→ What you need to do:
Below are the records; copy exactly the stretch from the line containing "- 3 külön bejáratú" through the line containing "缶は立てて使う、ノズルの先端で布テープに穴を開ける、後は噴射あるのみ。", both ends included, and nothing else.

→ Data shown:
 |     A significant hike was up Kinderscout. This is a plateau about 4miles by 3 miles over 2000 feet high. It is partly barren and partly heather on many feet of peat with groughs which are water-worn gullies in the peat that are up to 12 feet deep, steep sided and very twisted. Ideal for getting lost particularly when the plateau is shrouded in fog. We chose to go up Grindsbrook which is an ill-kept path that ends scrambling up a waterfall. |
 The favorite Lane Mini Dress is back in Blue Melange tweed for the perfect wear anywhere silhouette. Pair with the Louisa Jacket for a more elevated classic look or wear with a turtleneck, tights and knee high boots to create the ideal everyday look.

--

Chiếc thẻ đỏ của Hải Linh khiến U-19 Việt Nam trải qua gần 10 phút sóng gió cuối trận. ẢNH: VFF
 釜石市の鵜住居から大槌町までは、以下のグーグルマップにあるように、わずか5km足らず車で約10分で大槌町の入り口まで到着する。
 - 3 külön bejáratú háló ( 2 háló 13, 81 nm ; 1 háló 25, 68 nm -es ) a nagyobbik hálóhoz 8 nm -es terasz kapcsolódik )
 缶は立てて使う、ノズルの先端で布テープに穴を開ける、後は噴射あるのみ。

→ Exercise answer:
 - 3 külön bejáratú háló ( 2 háló 13, 81 nm ; 1 háló 25, 68 nm -es ) a nagyobbik hálóhoz 8 nm -es terasz kapcsolódik )
 缶は立てて使う、ノズルの先端で布テープに穴を開ける、後は噴射あるのみ。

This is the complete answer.